Sunday, May 17, 2009

Insensitive Bitch...or maybe just a realist

Losing weight has turned me into an aggressive bitch. Case in point: I was at Costco today, trying to navigate consumerism hell on earth. It wasn't even that it was crowded but simply that tons of fat, lazy people were slowly trudging through the store... stopping every five seconds to wait 1-2 minutes for a tiny food morsel sample. It was so annoying. In my head, I was thinking things like, "Move out my way, you fat fuck," "Could your pants be any tighter?," etc.

I NEVER thought this way before.

I guess losing weight has just made me annoyed with other people who, voluntarily, allow themselves to be unhealthy.... unattractive.... lazy...etc. All those traits go together. I wish that stores would stop selling huge sizes. Maybe then people would be motivated to try to take care of themselves--- public humiliation tends to do the trick in many scenarios.
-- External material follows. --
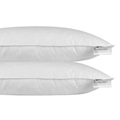 Homescapes Goose Feather and Down continental sized pillow pair measuring 40cm x 80cm wide, European sized extra wide pillow encased within 100% crisp cotton.

I feel the best I have felt in a long time...probably ever. I can't imagine going back to what I was before...not that I was even anything too horrific. But, it's like once you improve yourself and see all the other positive changes that come along with that one initial improvement, theres no way you will go back to the way things were.

I really don't spend much of my own time thinking about other "fat" people...it's just something that was on my mind today...amidst the gluttons shopping @ Costco.